Task objective:
Write the lines out again, from the top of the material to the line containing "Vote for Amy-Lee", pictures excluded.
BEGIN Data
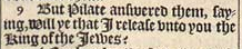 9 But Pilate answered them, saying, Will ye that I release vnto you the King of the Iewes?
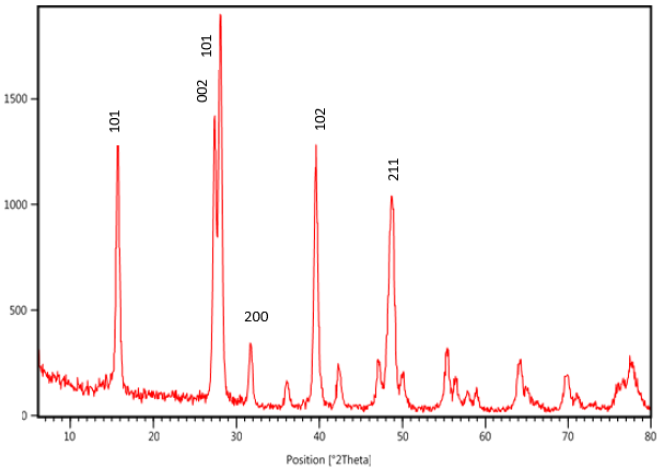 Fig. 4 shows the X-ray diffraction (XRD) patterns average crystalline size of LONPs. According to Fig. 4, the XRD patterns had peaks at 15.7°, 27.3°, 28°, 30.7°, 31.7°, 36.11°, 39.11°, 42.3°, 47.1°, 48.9°, 50°, 55.4°,56.4°, 57.86°, 58.8°, 64.2°, 69.7°, 71.1°, 72.8°, 55.8°, 77.6° by scanning in angular range (2Ɵ) from 10 to 80°. The 4 diffraction sharp peaks at 2θ =15.9°, 27.328.1°, 39.65°, 49.23° which is corresponding to (1 0 0), (0 0 2), (1 0 1), (2 1 1). This is in good agreement with the findings of littrature for the La2O3 [32]. The hexagonal step formation for La2O3 was confirmed by the XRD patterns acquired in the present analysis. The diffraction peaks (200) and (211) found in Fig. 4 were due to the small amount of La (OH)3 in the La2O3 powder [32, 33]. This is in good agreement with the standard Joint Committee on Powder Diffraction Standards card No: 50-0602. The extended peaks, are well illustrated polycrystalline properties, and size reduction of nanoparticles La2O3. The average crystallite size of anatase in the different samples can be evaluated by using the Debye-Scherrer formula on the main peak for anatase (2θ =28.1°):
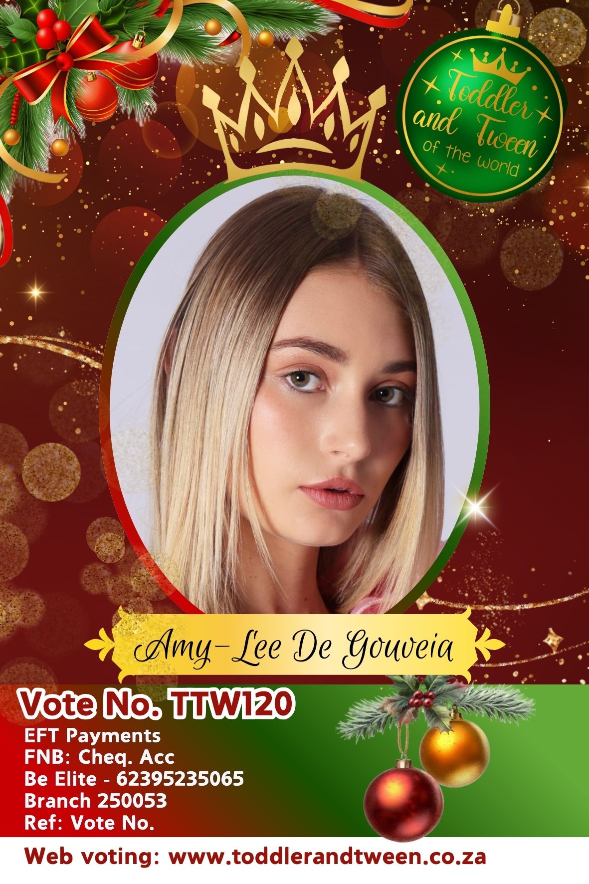 Vote for Amy-Lee De Gouveia, use code: TTW120
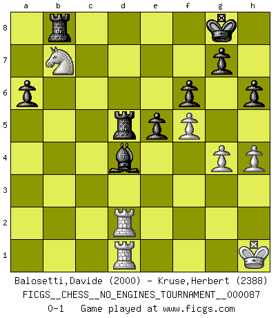 Last move : 0-1 2016 November 17 13:11:48 [Event "FICGS__CHESS__NO_ENGINES_TOURNAMENT__000087"] [Site "FICGS"] [Date "2016.10.12"] [Round "1"] [White "Balosetti,Davide"] [Black "Kruse,Herbert"] [Result "0-1"] [WhiteElo "2000"] [BlackElo "2388"] 1.e4 c5 2.Nf3 d6 3.d4 cxd4 4.Nxd4 Nf6 5.Nc3 a6 6.a4 e5 7.Nb3 Be6 8.Be2 Be7 9.O-O Nc6 10.Be3 O-O 11.f3 Nb4 12.Qd2 d5 13.exd5 Nfxd5 14.Nxd5 Nxd5 15.Kh1 Nxe3 16.Qxe3 Qc7 17.Rfd1 Qxc2 18.Nd2 Qc5 19.Qxc5 Bxc5 20.Ne4 Bd4 21.Ra3 Bxb2 22.Rad3 Bd4 23.f4 Bc4 24.R3d2 Bxe2 25.Rxe2 Rad8 26.a5 f6 27.f5 Rd5 28.Ra2 Rfd8 29.Rad2 Rxa5 30.g4 h6 31.h4 Rf8 32.Nd6 Rd5 33.Nxb7 Rb8 0-1 Sicilian : Najdorf Kingside Castling by player White (move 9) Kingside Castling by player Black (move 10) Player Black won this chess game. Follow this game move after move (download)It is always better to sacrifice your opponent's men. (Savielly Tartakower) Obwohl ich alt bin, darf mir niemand den Finger in den Mund stecken, sonst beisse ich. (Wilhelm Steinitz) Bendita sea la memoria de aquel que dio al mundo este juego inmortal. (A. G. Gardiner) On n'a jamais que l'âge auquel on a commence à jouer aux échecs car après on cesse de vieillir. (Capablanca) Train yourself to let go of everything you fear to lose. (Master Yoda in Star Wars ep.3)
END Data
Final answer:
 9 But Pilate answered them, saying, Will ye that I release vnto you the King of the Iewes?
 Fig. 4 shows the X-ray diffraction (XRD) patterns average crystalline size of LONPs. According to Fig. 4, the XRD patterns had peaks at 15.7°, 27.3°, 28°, 30.7°, 31.7°, 36.11°, 39.11°, 42.3°, 47.1°, 48.9°, 50°, 55.4°,56.4°, 57.86°, 58.8°, 64.2°, 69.7°, 71.1°, 72.8°, 55.8°, 77.6° by scanning in angular range (2Ɵ) from 10 to 80°. The 4 diffraction sharp peaks at 2θ =15.9°, 27.328.1°, 39.65°, 49.23° which is corresponding to (1 0 0), (0 0 2), (1 0 1), (2 1 1). This is in good agreement with the findings of littrature for the La2O3 [32]. The hexagonal step formation for La2O3 was confirmed by the XRD patterns acquired in the present analysis. The diffraction peaks (200) and (211) found in Fig. 4 were due to the small amount of La (OH)3 in the La2O3 powder [32, 33]. This is in good agreement with the standard Joint Committee on Powder Diffraction Standards card No: 50-0602. The extended peaks, are well illustrated polycrystalline properties, and size reduction of nanoparticles La2O3. The average crystallite size of anatase in the different samples can be evaluated by using the Debye-Scherrer formula on the main peak for anatase (2θ =28.1°):
 Vote for Amy-Lee De Gouveia, use code: TTW120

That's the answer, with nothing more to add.